WHAT IS REQUIRED: Would you please copy the part of the material below that opens with the line containing "ด้านบนเพดานและผนังทาด้วยสีขาว ช่วยให้ในตัวบ้านดูสะอาด เรียบร้อย" and closes with the line containing "近日,中国科学技术大学精准智"? Copy it exactly, and only it.

RECORDS SHOWN:
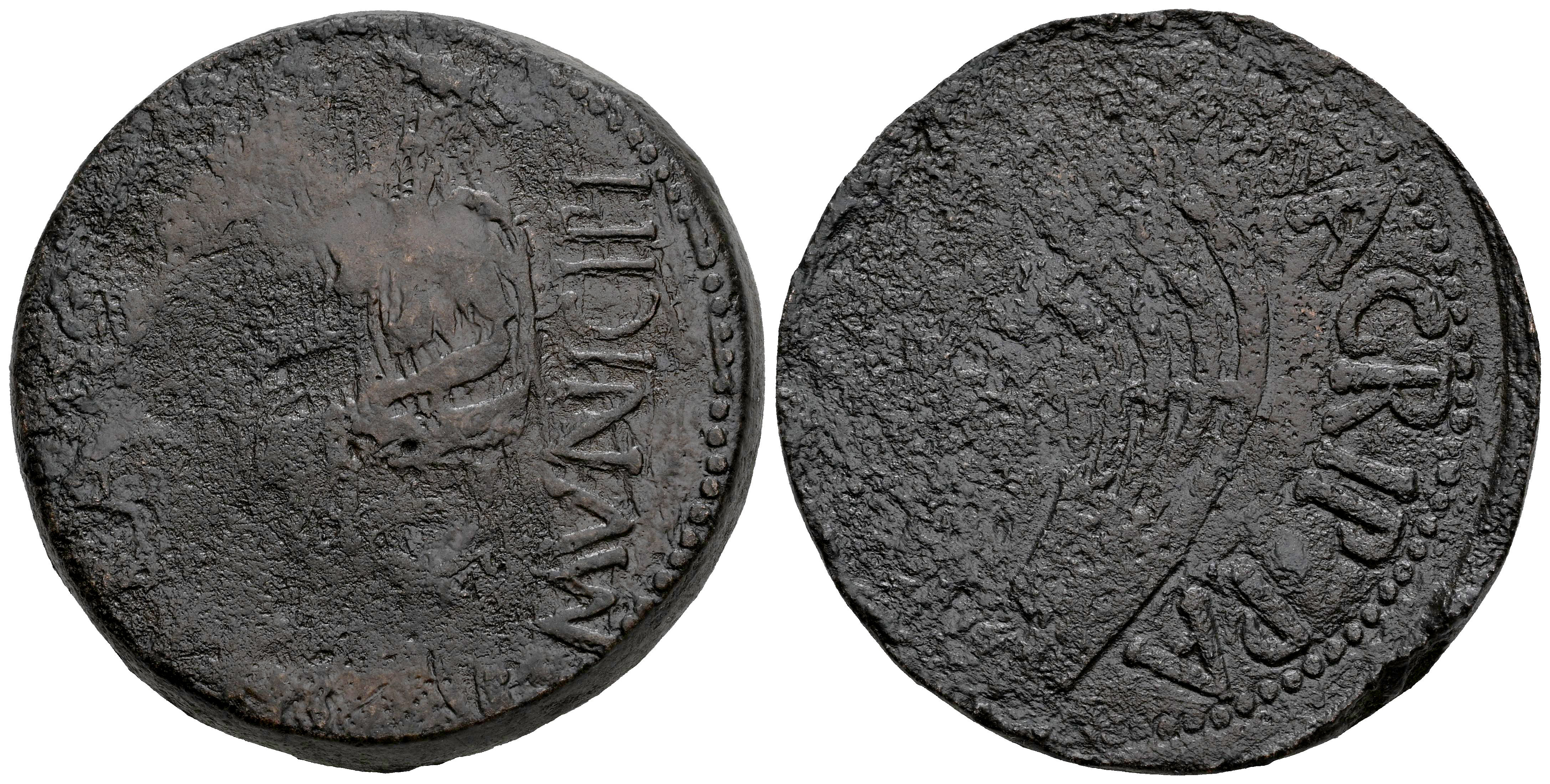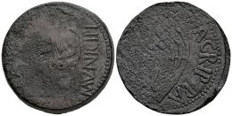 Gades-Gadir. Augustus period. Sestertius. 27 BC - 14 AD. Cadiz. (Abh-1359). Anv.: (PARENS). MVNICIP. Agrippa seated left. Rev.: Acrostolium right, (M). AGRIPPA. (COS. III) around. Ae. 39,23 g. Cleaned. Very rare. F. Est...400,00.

* * *

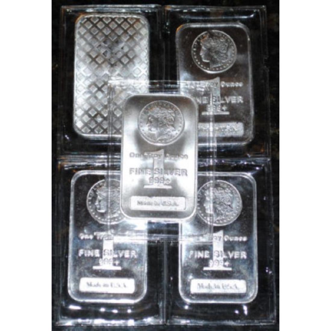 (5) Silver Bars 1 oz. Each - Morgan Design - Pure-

---

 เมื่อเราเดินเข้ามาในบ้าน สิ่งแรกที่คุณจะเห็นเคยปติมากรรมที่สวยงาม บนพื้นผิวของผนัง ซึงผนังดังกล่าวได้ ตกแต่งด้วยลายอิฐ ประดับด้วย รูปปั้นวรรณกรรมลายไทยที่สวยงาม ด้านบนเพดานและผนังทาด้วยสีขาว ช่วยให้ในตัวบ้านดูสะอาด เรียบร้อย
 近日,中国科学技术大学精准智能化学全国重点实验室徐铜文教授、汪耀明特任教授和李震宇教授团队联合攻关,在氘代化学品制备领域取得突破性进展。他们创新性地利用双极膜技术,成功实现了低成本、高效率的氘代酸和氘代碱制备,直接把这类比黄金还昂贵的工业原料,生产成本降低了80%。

OUTPUT OF THE EXERCISE:
 เมื่อเราเดินเข้ามาในบ้าน สิ่งแรกที่คุณจะเห็นเคยปติมากรรมที่สวยงาม บนพื้นผิวของผนัง ซึงผนังดังกล่าวได้ ตกแต่งด้วยลายอิฐ ประดับด้วย รูปปั้นวรรณกรรมลายไทยที่สวยงาม ด้านบนเพดานและผนังทาด้วยสีขาว ช่วยให้ในตัวบ้านดูสะอาด เรียบร้อย
 近日,中国科学技术大学精准智能化学全国重点实验室徐铜文教授、汪耀明特任教授和李震宇教授团队联合攻关,在氘代化学品制备领域取得突破性进展。他们创新性地利用双极膜技术,成功实现了低成本、高效率的氘代酸和氘代碱制备,直接把这类比黄金还昂贵的工业原料,生产成本降低了80%。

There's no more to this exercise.